McCain also followed Bush to win the 45th Assembly district, which covers neighborhoods like Gerritsen Beach and Midwood. In both ’04 and ’08, Republicans took more than 60 percent of the vote there. Similarly, the 49th district (which covers parts of Dyker Heights and Bensonhurst) went for the GOP with 53 percent of the vote for both Bush and McCain.
Murphy noted that in addition to voting Republican, these districts have greater percentages of white residents and much higher rates of home ownership than Brooklyn as a whole. New York State is solidly in Obama’s camp but according to the Federal Elections Commission’s campaign finance database, this year, those living in the zip codes of the four Republican-leaning districts have donated over $12,000 to Romney.
GOP campaign literature MIA in Brooklyn
Despite the loyalties of the red Brooklynites, the Romney campaign seems to concentrate its efforts elsewhere when it comes to outreach material, reported The Brooklyn Ink‘s Matthew Vann. Glenn Nocera, 37, wanted to campaign for the Republican nominee but has yet to receive any literature from the party.
“It’s like twisting arms,” he says. “I’m a little bit pissed off.
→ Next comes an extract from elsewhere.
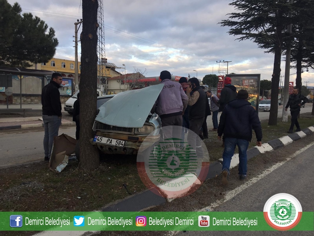 Demirci'de akşam saatlerinde meydana gelen tek taraflı trafik kazası meydana geldi.
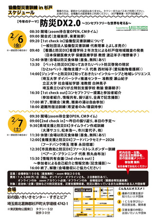 2日間にわたり、「【看護と防災DX】看護学科2年次生により杉戸宿地域踏査の発表」「【ペットと防災DX】知っておきたいペット防災啓発の現状」「【県域支援と防災DX】タイムライン作成訓練」「【食糧支援と防災DX】フードバンクセミナー2026」などが実施される。

The materials should be here by now.”
Nocera, 37, who ran for the State Senate in 2008 but lost, serves as a Brooklyn College public safety officer. And though he received assurances from campaign officials at the Republican National Convention that he’d get what he needed to start campaigning, he hasn’t heard anything from officials he spoke with.
Neither have the two rival Young Republican clubs in the borough. “I think they feel New York is a lost cause and don’t want to waste their resources,” said Nocera. Canvassers in other non-swing states echo his sentiments, whether they’re campaigning for Romney or Obama.